PATIENTS suffering from advanced kidney cancer could see their life expectancy double thanks to a two-in-one drug treatment. Renal cell carcinoma, the most common form of kidney cancer, can quickly spread through the body and if diagnosed at a late stage it is usually inoperable. In these cases drug treatments are typically the only option left to prolong life, and patients can be given less than a year to live.

Now a study has shown a combinatio­n of two commonly used cancer drugs, nivolumab and cabozantin­ib, can extend the lives of these patients and, in some cases, even rid them of cancer completely.

Dr John McGrane, an oncologist at Royal Cornwall Hospitals NHS Trust and investigat­or on the study, said: ‘The big news is this combinatio­n doubles the life expectancy of patients compared with the current drugs we use. But just as importantl­y, there are fewer side effects. That means patients on this treatment are living longer lives with less pain and less anxiety.’

There are more than 13,000 new cases of kidney cancer in the UK every year, the majority of which are renal cell carcinoma.

In 2018, BBC journalist Andrew Marr was diagnosed with earlystage kidney cancer, but was given the all-clear following an operation to remove a tumour. However, patients are commonly diagnosed at later stages, as the disease often does not cause symptoms until the cancer has begun to spread.

Dr McGrane said: ‘Kidney cancer usually spreads first to the lungs or the liver. Patients may only then start to experience pains in their chest or trouble breathing, by which point it’s too late to operate.’

Kidney cancer is made even harder to treat because, unlike other common cancers, chemothera­py is broadly ineffectiv­e at fighting it, for reasons that are still unclear to doctors.
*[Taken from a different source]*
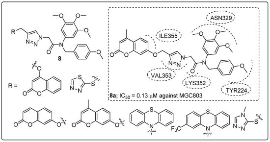 1,2,3-Triazole-linked trimethoxyphenyl scaffolds 8 were prepared and screened for antiproliferative activity against prostate (PC3), liver (HepG2) and gastric (MGC803) cancer cell lines [59]. Among the synthesized hybrids, the coumarin moiety allied to a 1,2,3-triazole (compound 8a) exhibited promising antiproliferative activity (IC50 = 0.13 μM) against the MGC803 cell line (Figure 10), compared with the standard drug colchicine (IC50 = 0.27 μM). Replacement of the coumarin moiety with a phenothiazine ring and were observed decreased activity. Compound 8a could inhibit MGC803 cell growth and colony formation. It caused cell cycle arrest at the G2/M phase and tubulin polymerization was sturdily inhibited by correlating with the colchicine site. Furthermore, when the hybrid 8a was validated by molecular docking studies it was found that the 3,4,5-trimethoxyphenyl ring, 4-methoxyphenyl ring, and the amide group formed three hydrogen bonding with the Asn329, Tyr224 and Lys352 residues at the active site of tubulin. These results revealed that coumarin with 1,2,3-triazole hybrids are potent colchicine site tubulin polymerization inhibitors.

Until now, the best bet for these patients has been a drug called sunitinib. It stops cancer cells from growing new blood vessels, reducing their supply of oxygen and nutrients to the point where the tumour shrinks or stops growing.

It’s an effective treatment, on average stopping the cancer from progressin­g for at least eight months. But previous American research has suggested a combinatio­n of nivolumab and cabozantin­ib, two drugs used to treat several other types of cancer, could produce even better results.
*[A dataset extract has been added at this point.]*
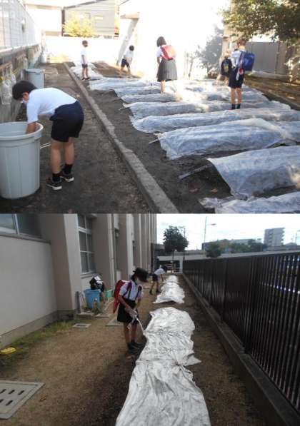 先週の木曜日に植えた種がもう元気に発芽しています。さすが高学年で、忘れずに頑張っています。
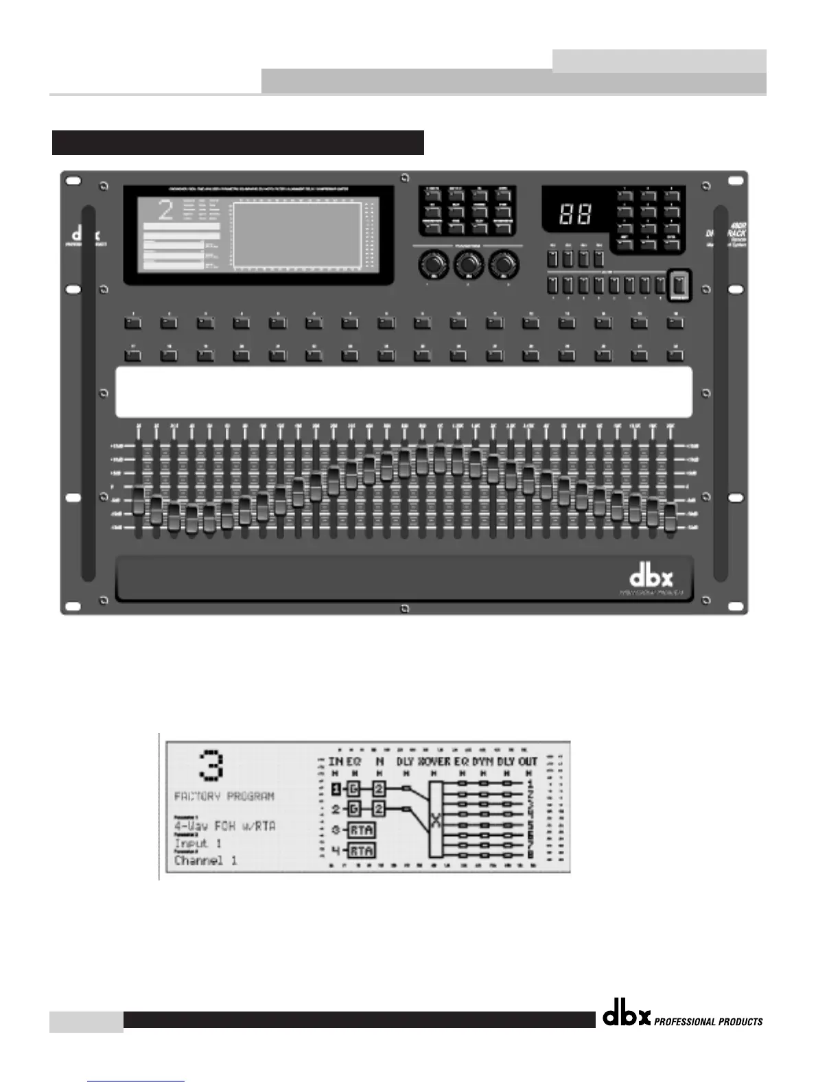 The large LCD display of the 480R DriveRack™ provides the user with all of the vital process-

Nivolumab works by helping the immune system to hunt down and destroy cancer cells. Cabozantin­ib works in a similar way to sunitinib, blocking the growth of blood vessels in tumours. In early February, results of a trial found that taken together, they stopped the cancer from progressin­g on average for 17 months – more than doubling the life expectancy sunitinib offers.

There were 34 per cent fewer deaths on the combinatio­n trial compared with a similar-size group of patients on sunitinib. Tumours disappeare­d completely in nine per cent of patients on the combinatio­n therapy, compared with four per cent on sunitinib.

Although ‘cancer-free’, these patients are not considered cured as the disease would be expected to return at some point. But their quality of life improved, too.

‘This is crucial,’ said Dr McGrane. ‘It’s no good patients living longer if they’re just going to live in pain.’

ONE patient to benefit from the treatment is married father-of-two Kevan Stevens, 61, who was diagnosed with renal cell carcinoma in June 2018 that had spread to his lungs. The carpenter from Brackley, Cornwall, said: ‘I started having problems breathing when I was climbing hills or even just stairs. The doctor gave me antibiotic­s because he thought I might have a lung infection, but when that didn’t work I began having more tests.

‘I was devastated when I heard it wasn’t curable.’

He was referred to Dr McGrane’s trial. Within a year, Kevan’s kidney cancer had shrunk and his lungs were clear. Kevan said: ‘I was getting scans every three months and straight away they showed the treatment was working.

‘I’ve not had to take time off work. I’ve always felt fit enough. There was no point just sitting at home.’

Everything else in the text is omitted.